“No, we haven’t heard anything out of her.” He paused. “We haven’t seen her either,” he said. “Is everything alright?”
“Well, she’s not at the apartment,” I told him.
“I’m telling you, brother. After she gave Fang the heads up, she went back to him. We should have seen it coming,” he said.
“Yeah, but I’m pretty sure Fang was behind the attack at the park, which means if he came to get her, she’s in danger right now,” I told him.
I closed and locked my door. I didn’t need my home spread out and open for anyone who wanted to go in and look around. I knew how lucky I was that no one had already gone through my place.
“Look, stay by the phone, but make sure you and a couple of other guys are ready to ride if we need to,” I told him.
“You’re still going to protect her, even after everything she’s done?” Dante asked.
“Even after everything she’s done,” I answered. I couldn’t explain it, but she was in trouble, and despite all the trouble she’d caused, I’d promised to take care of her and to protect her. Plus, there was the possibility that she’d stolen something important from me when she left the apartment, whether I wanted to admit it or not.
It definitely would have been the first time a woman held my heart in her hands, but I wasn’t about to let anyone know that.
“You’re the boss,” Dante said. “Let us know what the plan is. We’ll be ready.”
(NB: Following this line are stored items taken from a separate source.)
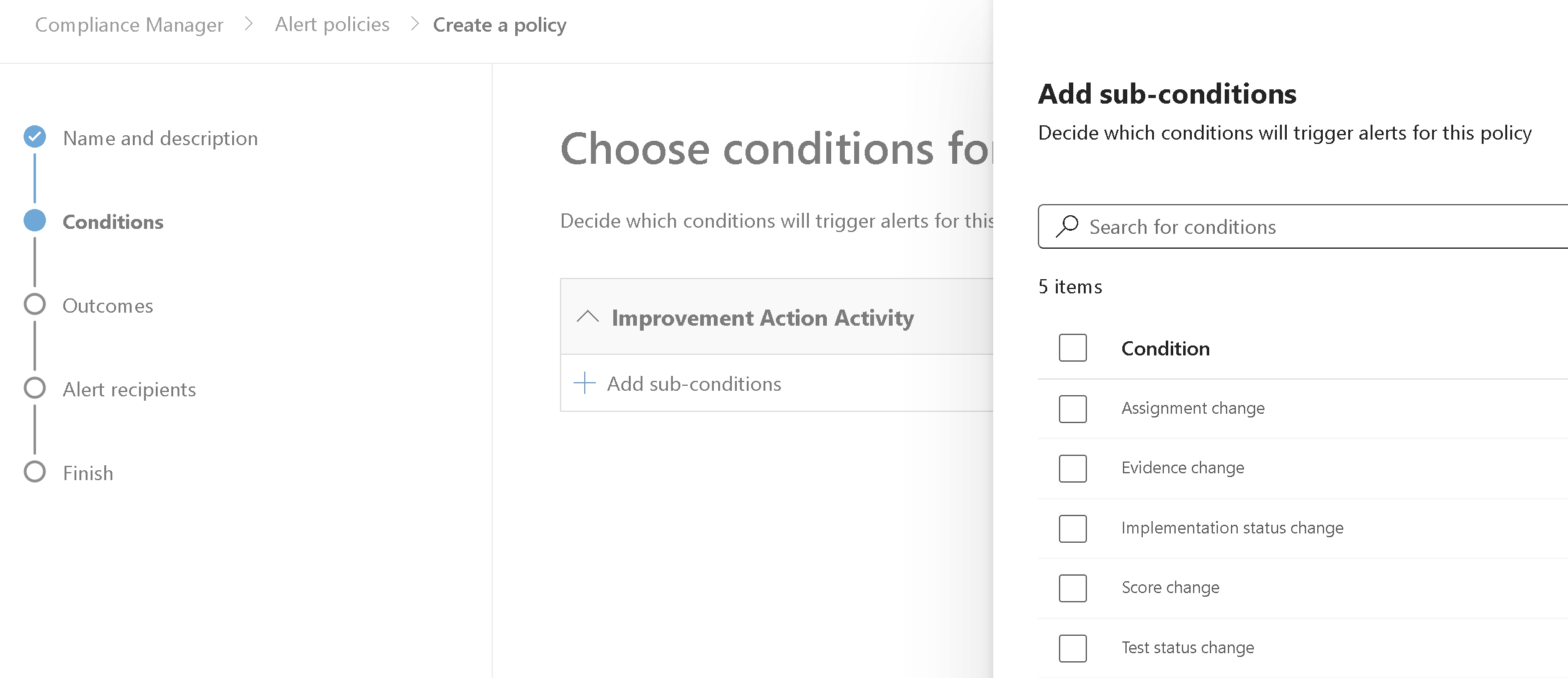 Choose the events that trigger your alert (assignment change, evidence change, etc.). Select "Add sub-conditions" to further refine your criteria. Click "Next" when finished.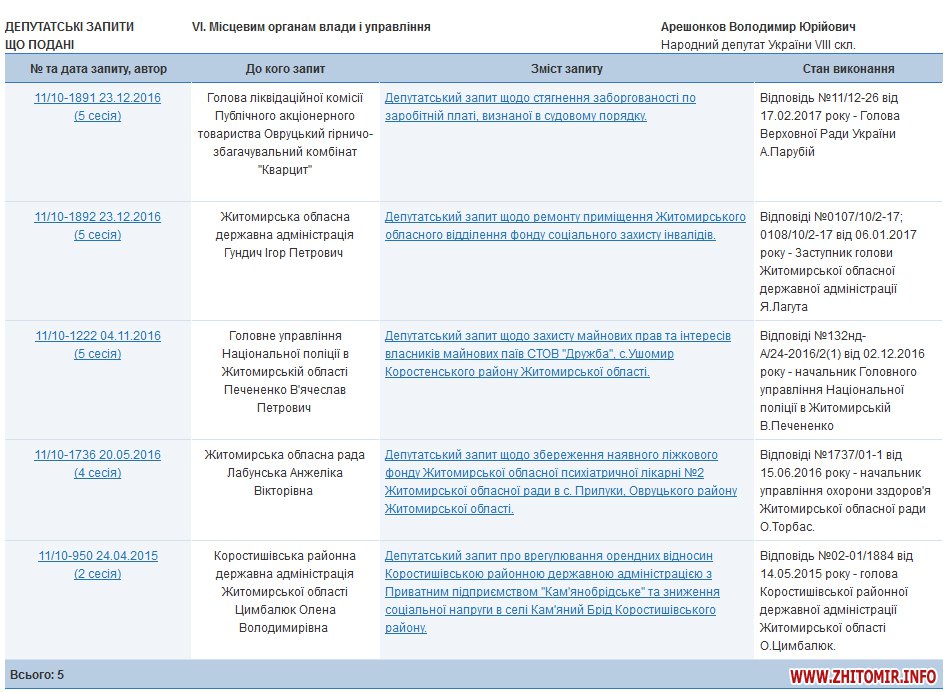 З початку каденції п’ять депутатських запитів направив місцевій владі представник Коростенського округу Володимир Арешонков (Блок Петра Порошенка), причому один із запитів стосувався Коростишівського району, який не входить в округ народного обранця.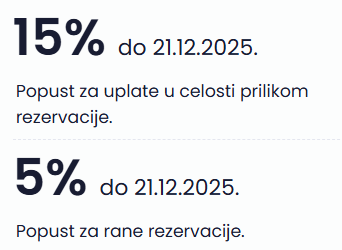 1. Popust za ranu rezervaciju u visini do 10%. Za ovaj popust dovoljna je samo rana rezervacija, odnosno nije neophodna uplata u celosti.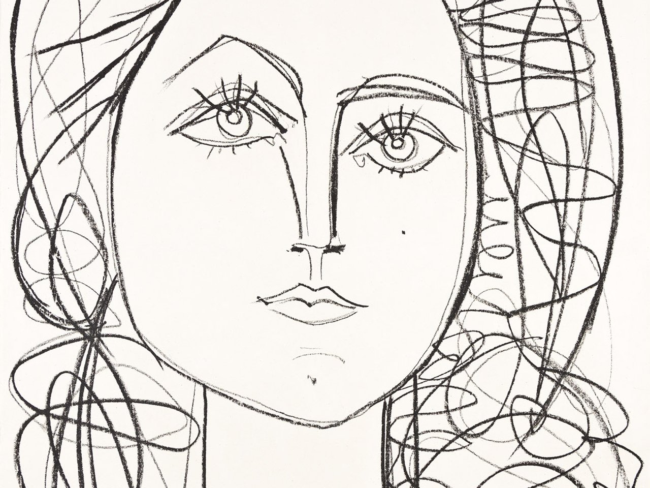 In this lithograph, from a series of 11 different versions Picasso made during June 1946, Picasso shows her with characteristic narrow, arching eyebrows, full lips and youthful visage. Picasso"s old friend Henri Matisse, who was fond of Gilot and found artistic inspiration in her feminine beauty as well, remarked that he would paint her with a pale blue body and leaf-green hair, which prompted Picasso to create La Femme-Fleur , 1946, another famous portrait of Françoise, hyper-stylized with a pale blue body and leaves for hair. Bloch 399; Mourlot 43; Reuße 150.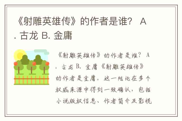 《射雕英雄传》的作者是谁? A. 古龙 B. 金庸

“Thanks, Dante,” I told him.
“No problem.”
We hung up, and I was on my way down in the elevator. At the ground floor I looked around, wondering which way I would have gone if I had someone like Fang coming to pick me up. I would have gone out the back and met them in the alley between the building and the parking deck for the next apartment complex over.
I ran through the doorway into the alleyway, and I suddenly felt like I was standing on any of the streets in the industrial side of town. Everything back here was gray and dingy. The road was covered in a layer of filth that just seemed to settle every time it rained or with every passing car or truck. Everything was concrete. Sunlight didn’t quite make it all the way down between the buildings here.
I looked around to see if I could catch a glimpse of anything, but there was no sign of anyone behind the building. If she’d met Fang back here, they were long gone by the time I had even arrived at the apartment building.
“Hey, brother,” an old, scratchy voice called.
I looked around but didn’t see anyone.
“Hey, man,” he said again, and a tall, lanky homeless man stepped out of the shadows. “She said you might come looking for her,” he told me as he approached.
“Who did?” I asked.
“That fine little blonde,” he answered. “She told me to let you know what happened when you showed up,” he said.
“Alright, then, what happened?” I asked, a little irritated that he hadn’t just come out and said it yet.
“She got in the car with three other guys. There was a fourth, but he got shot. They stuffed him in the trunk and hauled ass out of here,” he told me.
“Do you know where they went?”
“I didn’t get a good look at which way they went from here, but they turned north up at the next street.” He nodded at where the alley opened up to the road about a block away.
“How long has it been since they left?”
“I don’t know. I’m not too good with time out here, but it couldn’t have been more than maybe ten or fifteen minutes, man. They just left.” He scratched his filthy, matted hair.
“Thanks for the info, man.” I fished out a twenty and handed it to him.
“No. Thank you, man,” he said, smiling and laughing at the money I’d handed him. He was probably going to go get something to take the edge off the heat of the day, maybe take away the ache in his bones from being on the concrete all day.
I hurried to the parking garage and called Dante back.
“That was fast,” he said when he answered.
“Yeah, a guy living by the dumpster out back saw the whole thing. Apparently she was jumped again,” I told him.
“Did he say if she was okay?”
“He made it sound like she was. She took one of my guns and apparently shot one of the guys trying to abduct her. They had to put him in the trunk according to my friend here.” I laughed.
“Right on. Did he happen to see where they went?”
“Yeah, he said he thought they turned north on the next street,” I told him. “Mean anything to you?”